Word for word, write out the entries that follow, omitting all pictures.

####

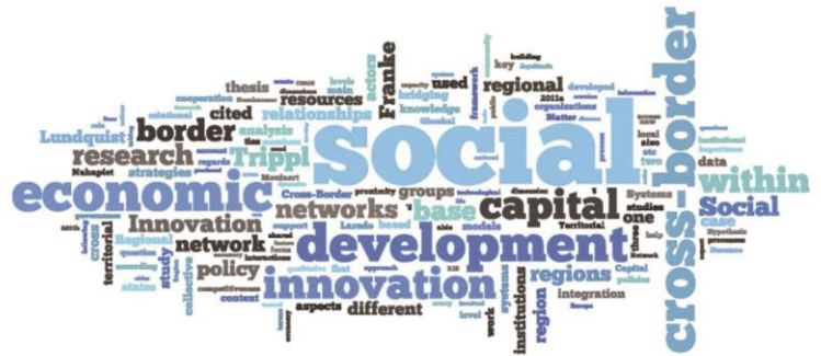
Wordle de Análisis de Literatura creado por el autor.
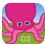
Green Screen By Do Ink
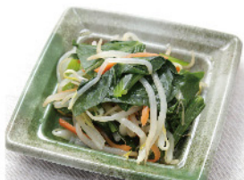
お浸し 100g 200円(税込)
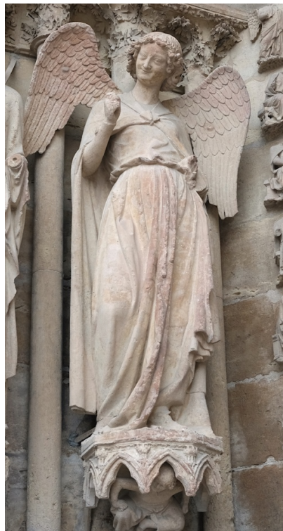
(圖二)「微笑天使」 蘭斯聖母主教座堂 (1236-1245)

又如圖二，在蘭斯聖母主教座堂外牆的天使帶着微笑，而在水天麥積山的石窟，就有菩薩與比丘在竊竊私語（圖三），他們上身微微前傾，肘、肩和頭部靠攏，仿佛在佛陀的循循誘導之下發出會心微笑。這些雕像看來非常親切，與以前的不盡相同。不同宗教卻有相同的方向，都是將神與人的距離拉近，從威嚴與懼怕的關係到溫和友善的愛護，讓人更容易接近宗教信仰的精神，與神聖接近。
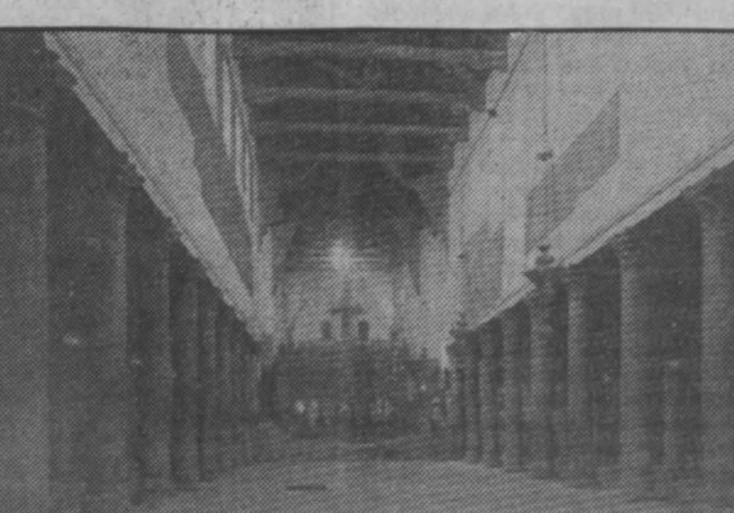
Собор Рождества Христова в Иерусалиме.
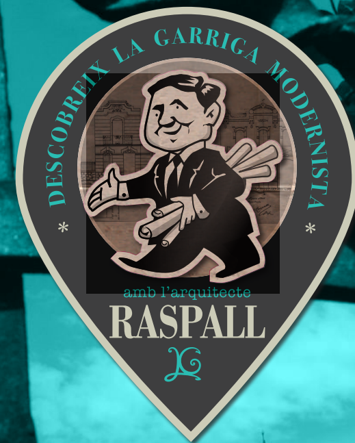
Idea i disseny: Simbolicat

10 i 11 de maig de 2024 XERRADES, VISITES GUIADES, TEATRALITZADES, PASSEJADA INTERACTIVA
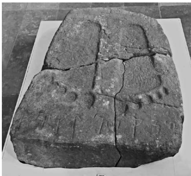
Fig. 1 – Buddhapāda , c. I secolo a.C. (Tirat, Swat, Pakistan); Swat Museum

sedici arhat o discepoli di Śākyamuni – il Buddha storico stesso impose al monaco di concentrarsi sulla polvere e sullo spazzare, come metafora della pulizia della mente. Mente come specchio su cui la polvere si accumula fino a rendere la visione offuscata al punto da rendere l'uomo cieco. Secondo un'altra velatura, la presenza del Buddha storico è testimoniata dalle sue impronte, lasciate nella polvere delle cose, come
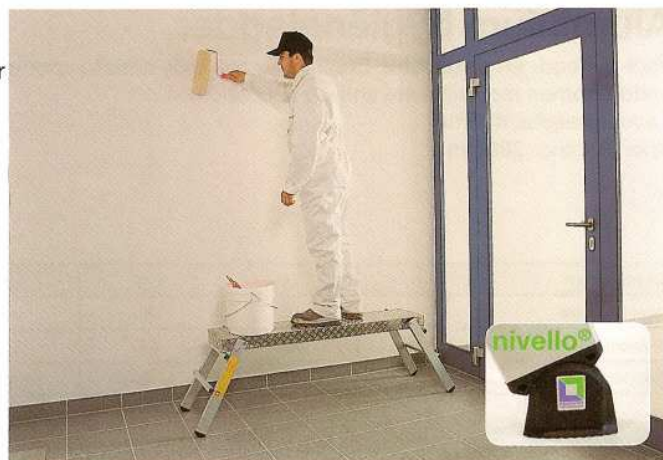
Afb. Bestelnr. 30404
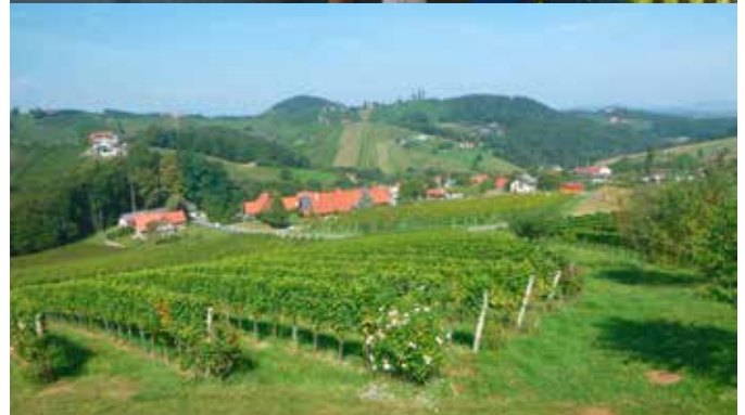
Seniorenbund Ausflug in die Südsteiermark
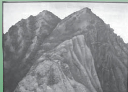
近藤 奈穂美「ぼた山」日本画 2002年
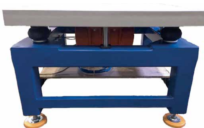
Рис. 3. Электромеханический вибростенд: крепление вибромоторов напрямую к столу

Настройка и мониторинг работы осуществляются с помощью сенсорной панели оператора. Установлен-
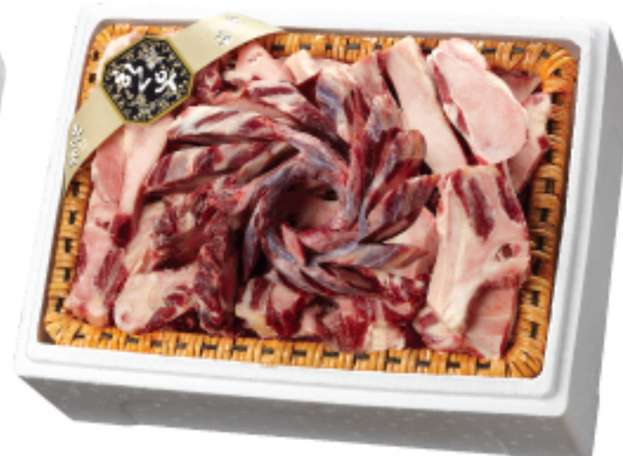
〈원산지:국내산〉 70,000원 정성 한우 꼬리반골세트 총 중량 4 kg(꼬리반골 4 kg)

하림의 삼계탕은 고향의 맛입니다. 어머니의 정성이 깃든 삼계탕, 장모님의 손맛이 가득한 영계백숙처럼 정성과 손맛이 살아있는 하림 삼계탕 세트로 주위에 감사의 마음을 전하세요.
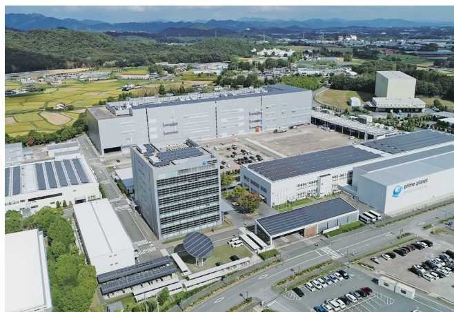
関西本社 加西工場

企業の急成長が見込まれるだけに、採用の拡大を積極的に行っており、人を中心とした経営についてはトヨタやパナソニックの精神を受け継ぎ、『ものづくりは人づくり。ものをつくる前に人をつくる。』の考えのもとに人材育成にも積極的に取り組んでいます。
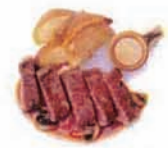
鹿児島県産黒牛ステーキ Wagyu Beef steak (乳) [+¥1500]
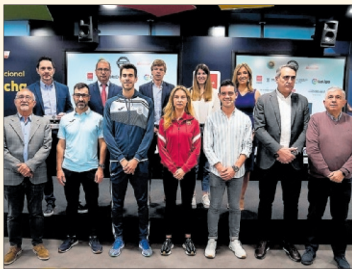
Participantes de la presentación de la prueba en la sede de LaLiga.
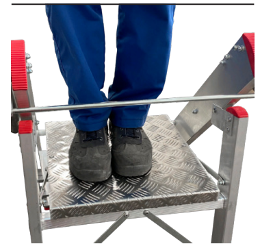
Sichere Arbeitsplattform 40x40 cm
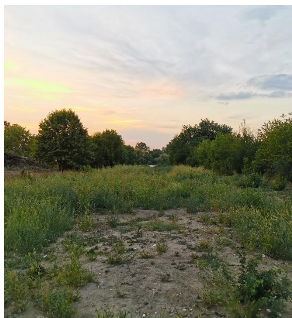
Imagine cu latura vestica a terenului studiat
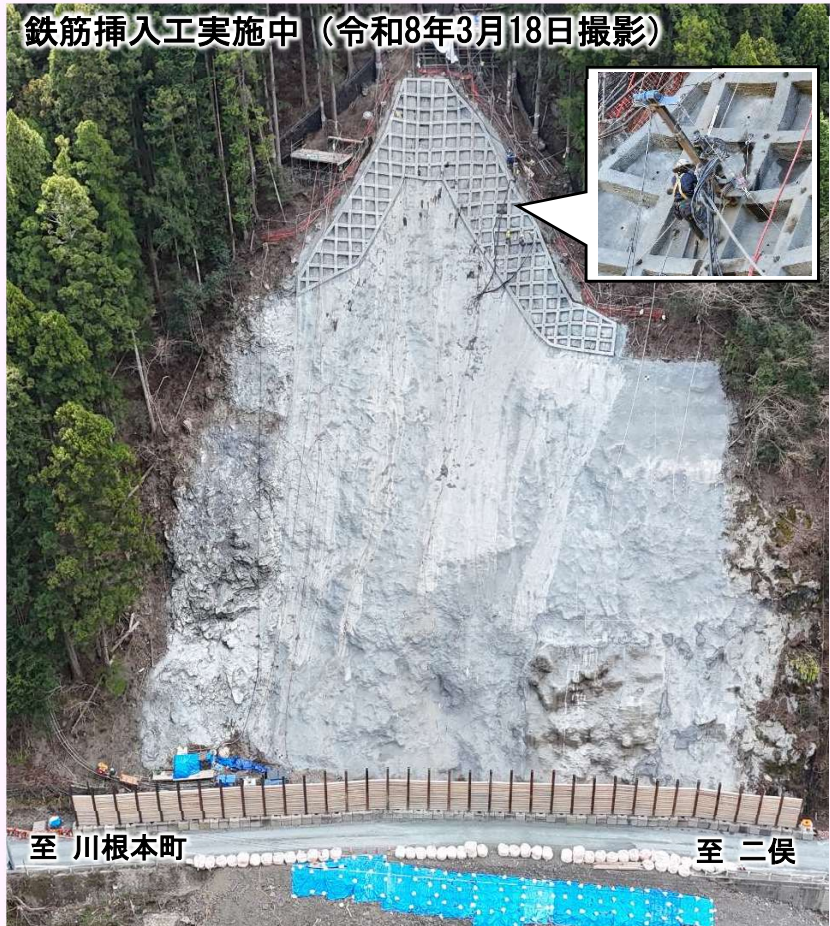
鉄筋挿入工実施中 (令和8年3月18日撮影)
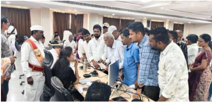
వేద న్యూస్, మడికొండ :

####

### Task output
Wordle de Análisis de Literatura creado por el autor.
Green Screen By Do Ink
お浸し 100g 200円(税込)
(圖二)「微笑天使」 蘭斯聖母主教座堂 (1236-1245)

又如圖二，在蘭斯聖母主教座堂外牆的天使帶着微笑，而在水天麥積山的石窟，就有菩薩與比丘在竊竊私語（圖三），他們上身微微前傾，肘、肩和頭部靠攏，仿佛在佛陀的循循誘導之下發出會心微笑。這些雕像看來非常親切，與以前的不盡相同。不同宗教卻有相同的方向，都是將神與人的距離拉近，從威嚴與懼怕的關係到溫和友善的愛護，讓人更容易接近宗教信仰的精神，與神聖接近。
Собор Рождества Христова в Иерусалиме.
Idea i disseny: Simbolicat

10 i 11 de maig de 2024 XERRADES, VISITES GUIADES, TEATRALITZADES, PASSEJADA INTERACTIVA
Fig. 1 – Buddhapāda , c. I secolo a.C. (Tirat, Swat, Pakistan); Swat Museum

sedici arhat o discepoli di Śākyamuni – il Buddha storico stesso impose al monaco di concentrarsi sulla polvere e sullo spazzare, come metafora della pulizia della mente. Mente come specchio su cui la polvere si accumula fino a rendere la visione offuscata al punto da rendere l'uomo cieco. Secondo un'altra velatura, la presenza del Buddha storico è testimoniata dalle sue impronte, lasciate nella polvere delle cose, come
Afb. Bestelnr. 30404
Seniorenbund Ausflug in die Südsteiermark
近藤 奈穂美「ぼた山」日本画 2002年
Рис. 3. Электромеханический вибростенд: крепление вибромоторов напрямую к столу

Настройка и мониторинг работы осуществляются с помощью сенсорной панели оператора. Установлен-
〈원산지:국내산〉 70,000원 정성 한우 꼬리반골세트 총 중량 4 kg(꼬리반골 4 kg)

하림의 삼계탕은 고향의 맛입니다. 어머니의 정성이 깃든 삼계탕, 장모님의 손맛이 가득한 영계백숙처럼 정성과 손맛이 살아있는 하림 삼계탕 세트로 주위에 감사의 마음을 전하세요.
関西本社 加西工場

企業の急成長が見込まれるだけに、採用の拡大を積極的に行っており、人を中心とした経営についてはトヨタやパナソニックの精神を受け継ぎ、『ものづくりは人づくり。ものをつくる前に人をつくる。』の考えのもとに人材育成にも積極的に取り組んでいます。
鹿児島県産黒牛ステーキ Wagyu Beef steak (乳) [+¥1500]
Participantes de la presentación de la prueba en la sede de LaLiga.
Sichere Arbeitsplattform 40x40 cm
Imagine cu latura vestica a terenului studiat
鉄筋挿入工実施中 (令和8年3月18日撮影)
వేద న్యూస్, మడికొండ :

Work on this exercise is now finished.